Once your research has appeared in a journal such as CMTR (congratulations!), then will likely want to direct as many readers towards it as possible. Sage Publications have compiled a short list of things you can do to achieve just that.

Finally, we would like to let you know about Sage Author Services. They offer a wide variety of services—editing, translation, formatting, or plagiarism checks, to name a few—to help you get your manuscript ready for publication.

If you are unsure whether a journal or a publisher you come across can be considered predatory, take a look at Beall's List of potential predatory scholarly open‑access publishers and stand-alone journals.

About the authors

Professor Mike Y.Y. Leung, BDS HK, MDS HK, MOSRCS Edin, FHKAM (DS) FCDSHK (OMS), PhD HK, is a Clinical Professor and Postgraduate Program Director in Oral and Maxillofacial Surgery, Faculty of Dentistry, The University of Hong Kong. He also serves as the Assistant Dean (External Relations) of the faculty. He is the President of the Hong Kong Association of Oral and Maxillofacial Surgeons. Internationally, he serves as the Asia Pacific Representative in the AO CMF Education Commission. He is also the President Elect of the Asian Association of Oral and Maxillofacial Surgeons. As an academic surgeon, Leung has been recognized for his research in orthognathic surgery, and the prevention and management of trigeminal nerve injury. He has been among the Top 2% World’s Most Cited Scientists by Stanford University for 2021, 2022, and 2023.

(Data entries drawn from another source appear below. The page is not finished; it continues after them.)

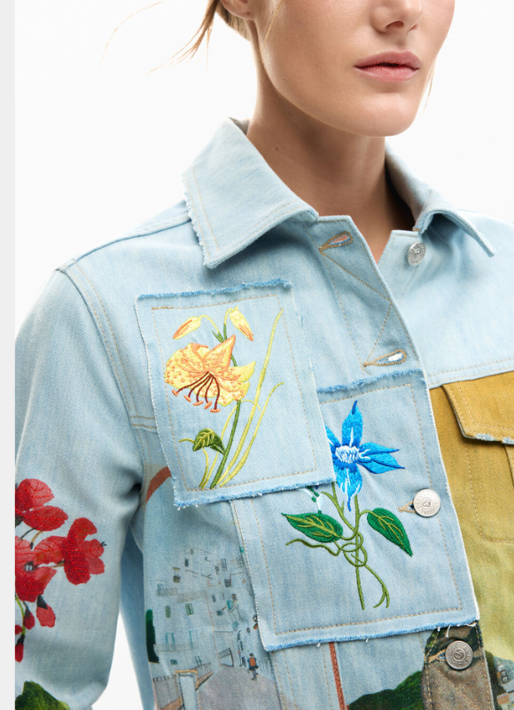 Description: A Regular-fit denim jacket with embroidered patches and a print inspired by the Amalfi coast.
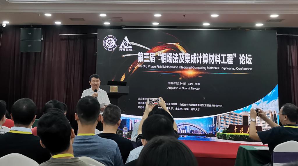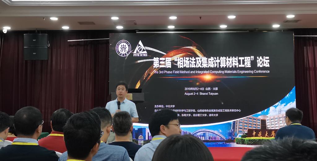 由中北大学主办,中北大学材料科学与工程学院以及中心承办的第三届“相场法及集成计算材料工程(PFM-ICME2019)”论坛于2019年8月2日至2019年8月4日在山西省太原市黄河京都大酒店成功召开。论坛由沈兴全校长、李魁武院士、王一德院士、谢建新院士等担任顾问,中心主任赵宇宏教授担任主席。论坛得到了西北工业大学、东南大学、北京理工大学、清华大学等单位的支持。
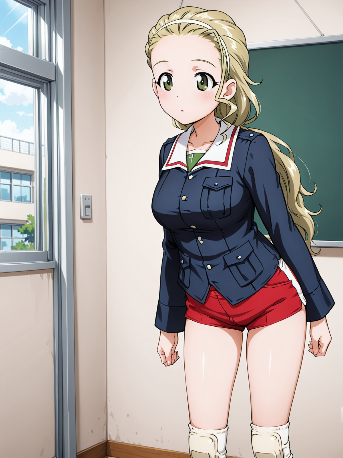 ★ooarai military uniform,no skirt,red shorts,short shorts,red socks,white knee pads,ankle boots,
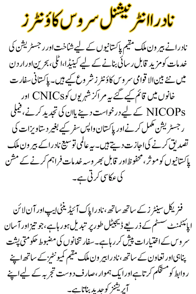 - Easy Access: Overseas Pakistanis can now access NADRA services without traveling back to Pakistan.
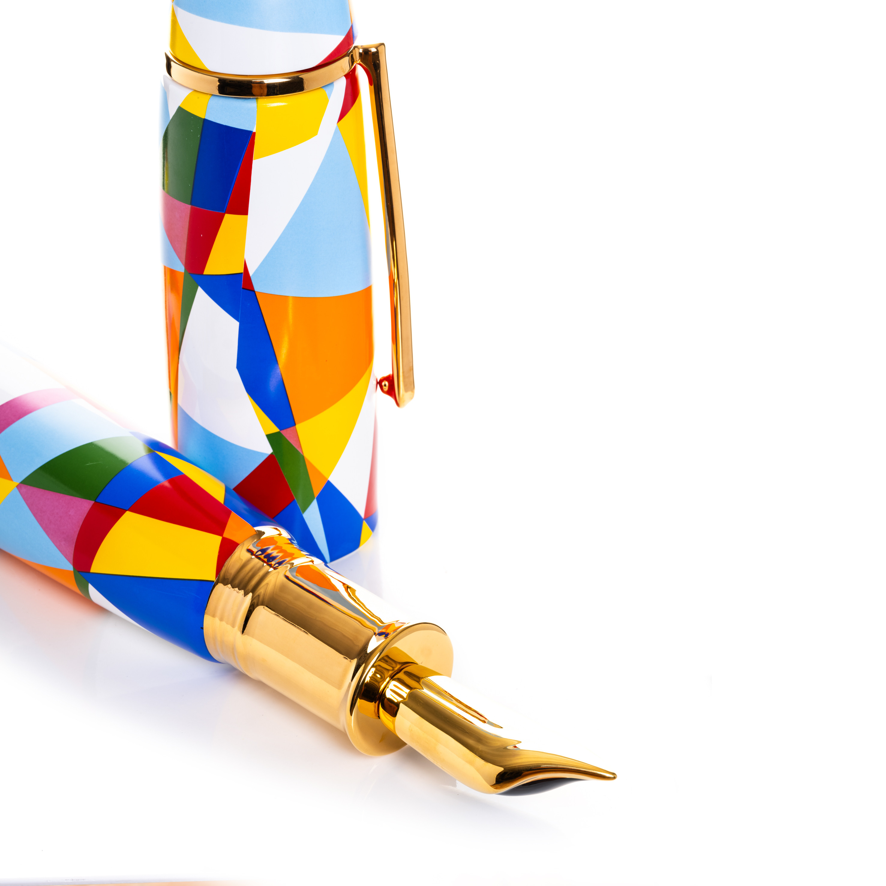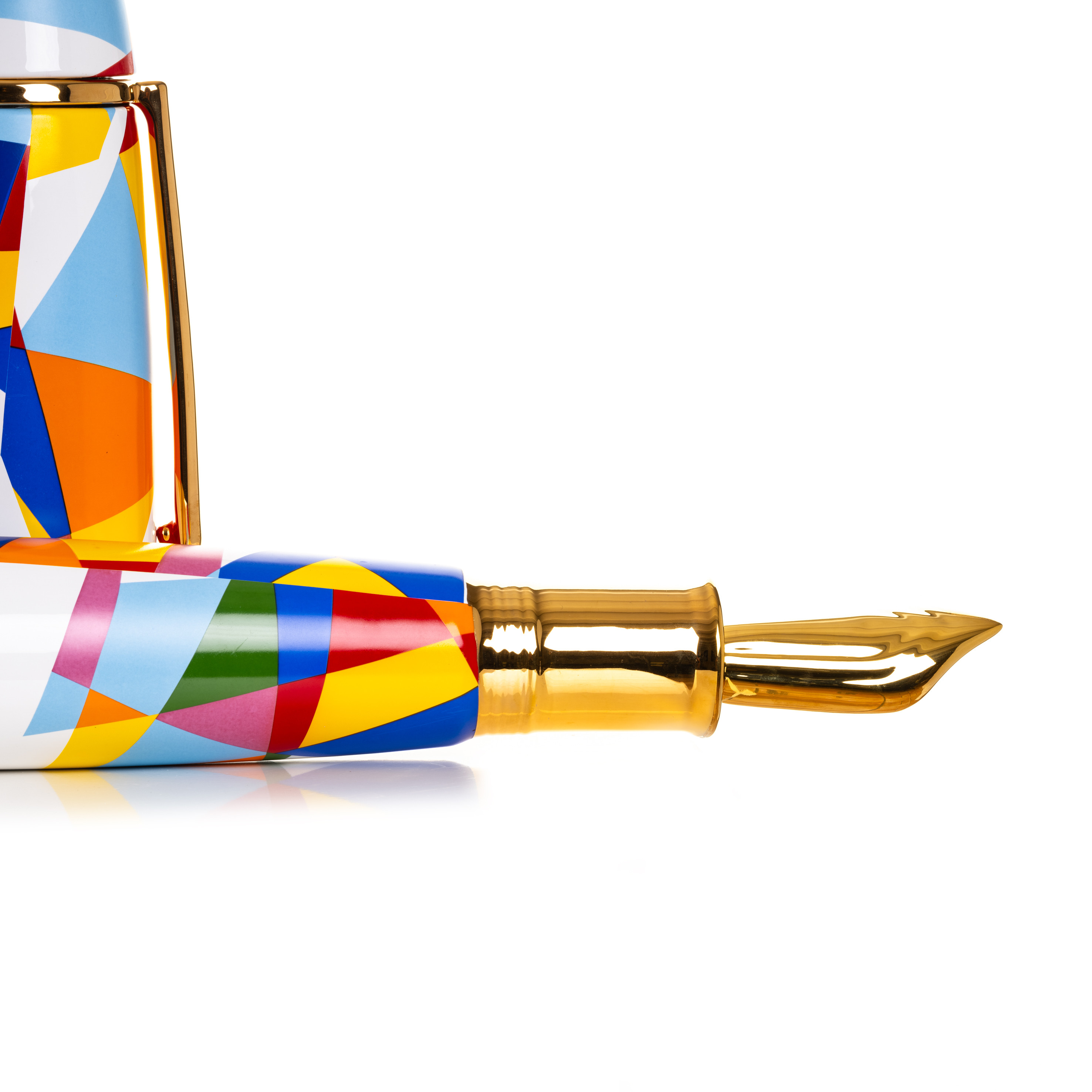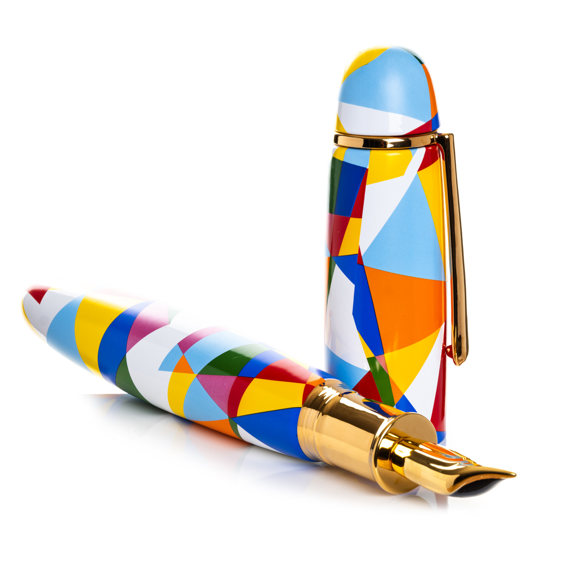 Con Stilò Arlecchino, Giorgio Laveri trasforma la penna stilografica in una scultura in ceramica smaltata dai colori vivaci e geometrici. L’opera richiama la maschera di Arlecchino con i suoi contrasti cromatici, unendo scrittura, segno e gioco teatrale. Simbolo di comunicazione e creatività, diventa un’icona pop di energia e stile.
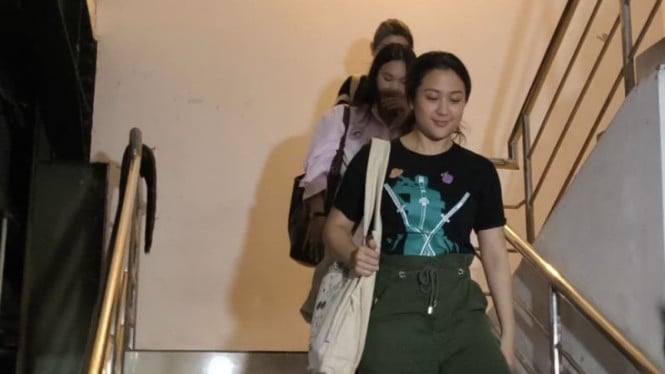 Sherina llegó a la sede de la policía de East Yakarta desde la mañana alrededor de las 10:00 WIB acompañada de su asesor legal, Adit.
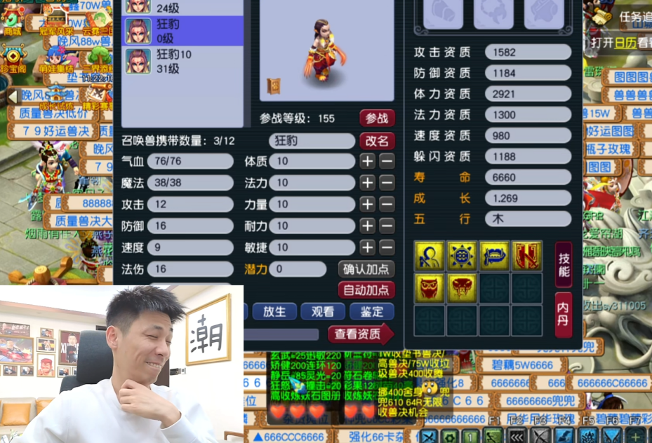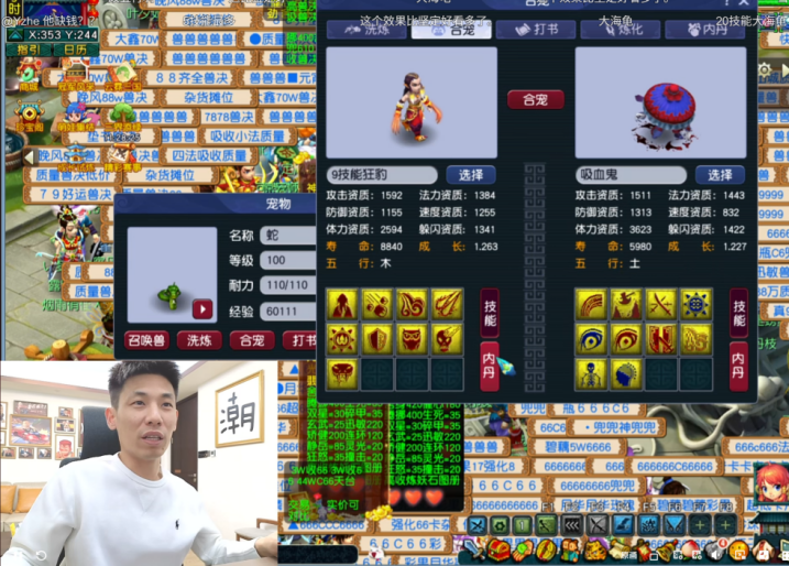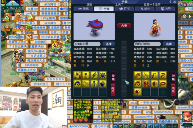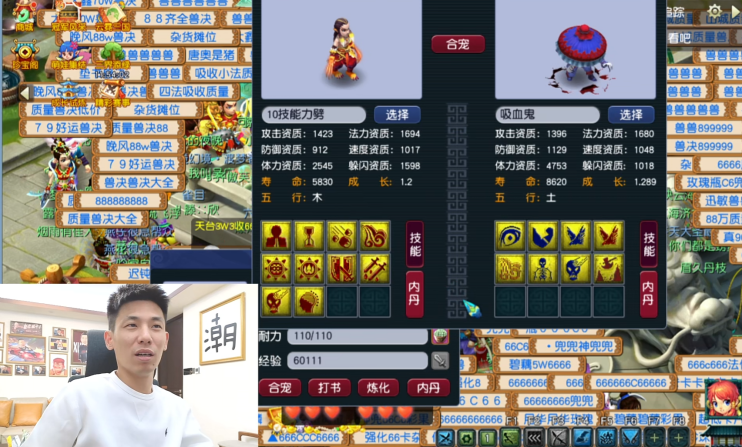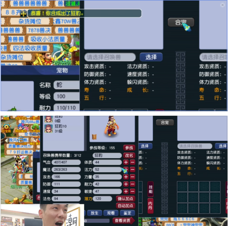 第一手操作,他买了一只8技能的力劈吸血鬼,跟自己的10技能狂豹合体炼妖。
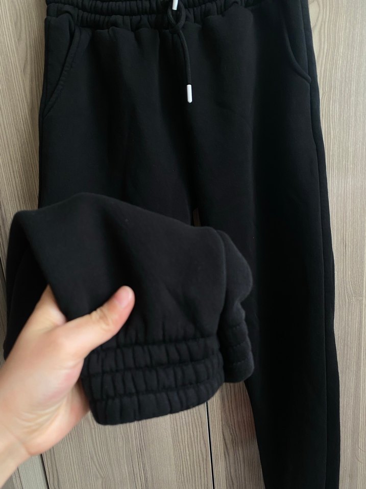 Siyah, rahat kesim ve normal boyda, fermuarlı cepli kadın eşofmanı. Yumuşak ve sıcak kumaştan, günlük rahat stil için uygundur. Hafif lekesi var onun dışında temiz etikette L beden mevcut ama kalıp dar S-M giyebilir
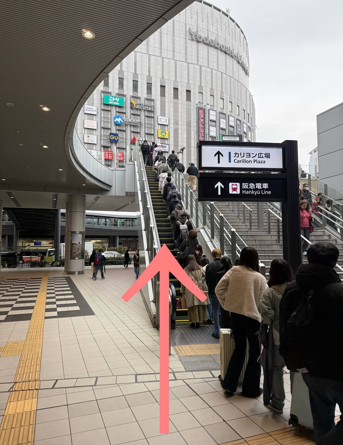 直進して阪急電車の中央改札方向に進みます
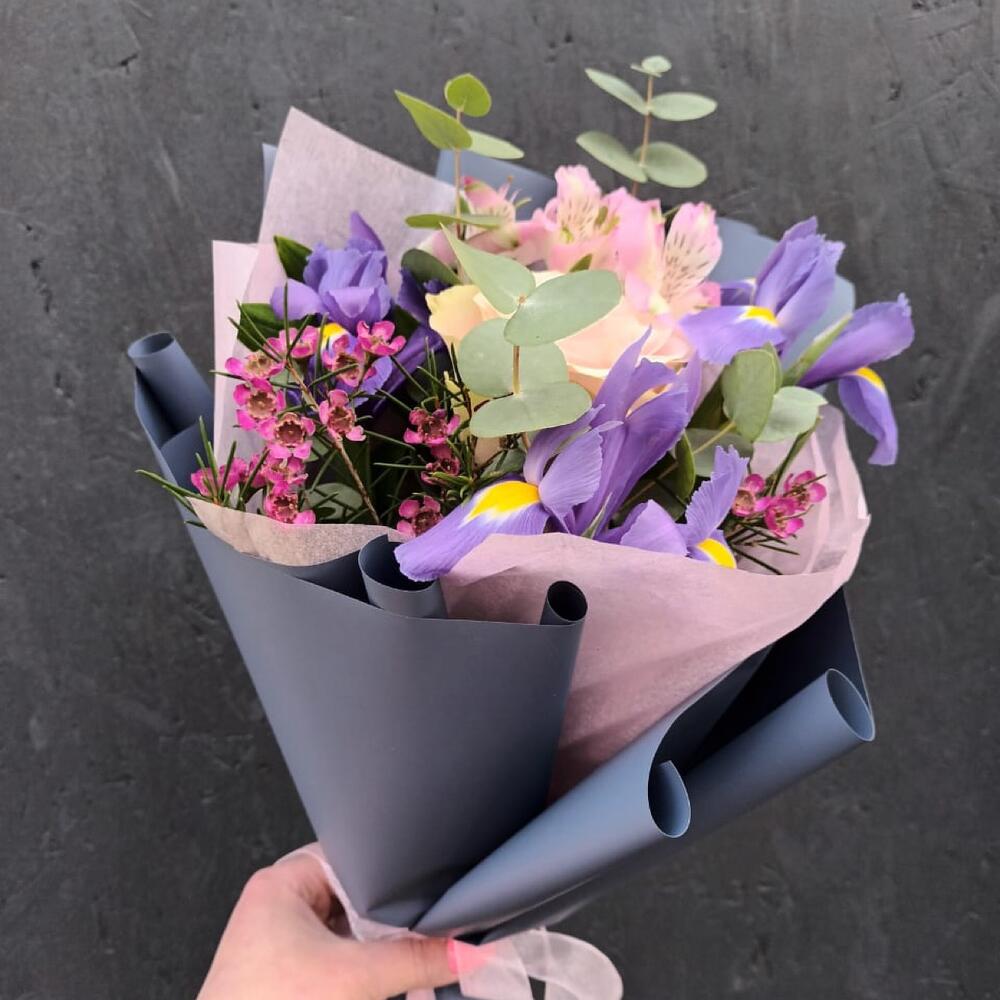 Ирис – 3 шт.Роза – 1 шт.Альстромерия – 1 шт.Ваксфлауэр – 1 шт.Эвкалипт – 5 шт.Упаковка дизайнерская – 2 шт.Лента атласная – 1 шт.
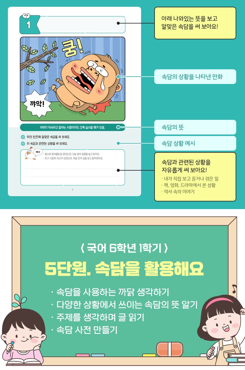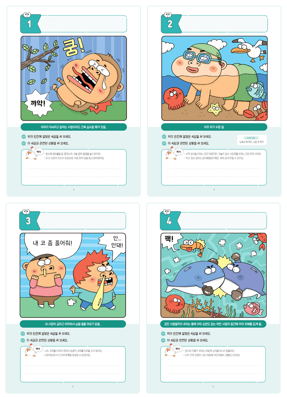 만화와 뜻을 보고 속담+ 관련된 글쓰기 활동까지 이어지는 놀이형 노트랍니다.
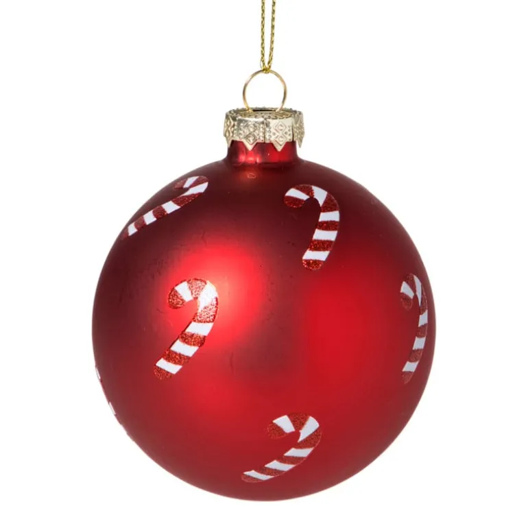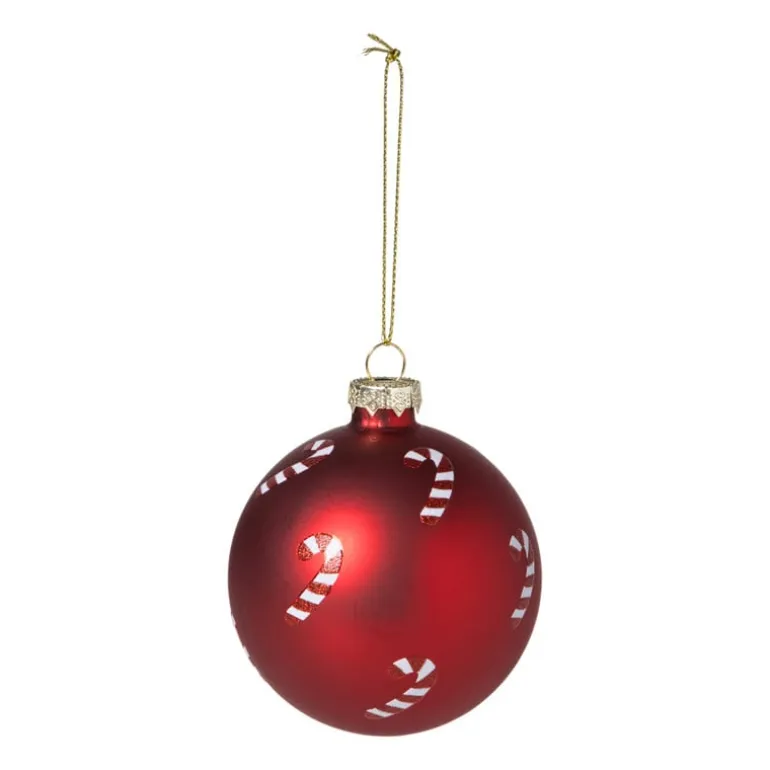 Deze rode kerstbal met vrolijke zuurstokjes brengt meteen een speelse en traditionele kerstsfeer in je boom. Het matte rood vormt een prachtig contrast met de wit-rode candy canes die rondom de bal zijn versierd. Een echte klassieker die je boom een gezellige en feestelijke uitstraling geeft.Perfect om te combineren met andere rode en witte kerstdecoratie voor een klassieke kerststijl, of juist met glinsterende gouden accenten voor een warme en luxe touch. Een bal die gegarandeerd een glimlach brengt!
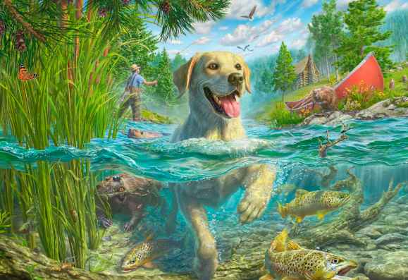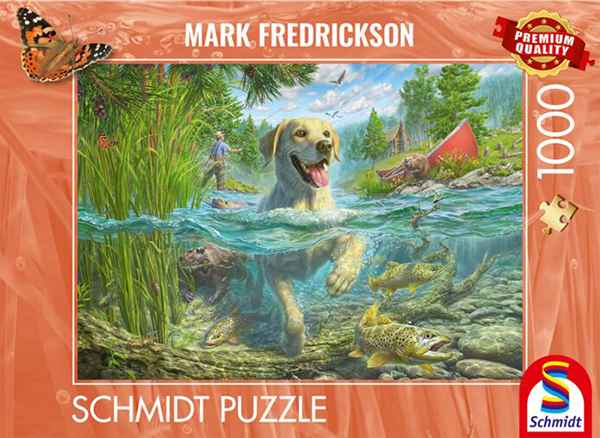 Yellow Labrador goes fishing palapeli 1000 palaa on Schmidtin valmistama maisemapalapeli, jossa keltainen labradorinnoutaja ui. Isäntä kalastaa rannalla. Kuvittaja Mark Fredrickson on kuvittanut koiran liikkeet, veden aaltoilun ja vedenalaisen maailman todella tarkasti. Palapeli kuuluu Schmidtin Amazing dogs -sarjaan.

Professor Kathleen Fan, MB BS, BDS, FDSRCS Eng, FRCS Ed CSiG, FRCS OMFS PhD, is a leading Consultant Oral & Maxillofacial Surgeon based at King's College Hospital and King's College London, University of London. Fan is a well-respected surgeon nationally and internationally, and the first dual (medical and dental) qualified professor in oral & maxillofacial surgery in the UK. She holds several high-profile positions within her specialty nationally and internationally. Her priority is to ensure the best care for her patients.

Professor Florian M. Thieringer is an Oral- and Cranio-Maxillo-Facial Surgeon and a Medical 3D Expert, with focus on Tumor-, Trauma-, Reconstructive- and Orthognathic Surgery, located at the University Hospital Basel and University of Basel, Switzerland. He is currently Chair and and Full Professor for Oral and Cranio-Maxillofacial Surgery at the University Hospital Basel. He is the Head of the Medical Additive Manufacturing Research Group (Swiss MAM) at the University of Basel's Department of Biomedical Engineering (UNIBAS DBE). He is an internationally recognized expert for computer assisted surgery (CAS) and medical additive manufacturing, extensively exploring and promoting the integration of virtual surgical planning, 3D printing and other innovative technologies at the point-of-care (POC) – like additive manufacturing of patient specific implants (PSI) in various (bio-) materials, including bioprinting & regenerative surgery.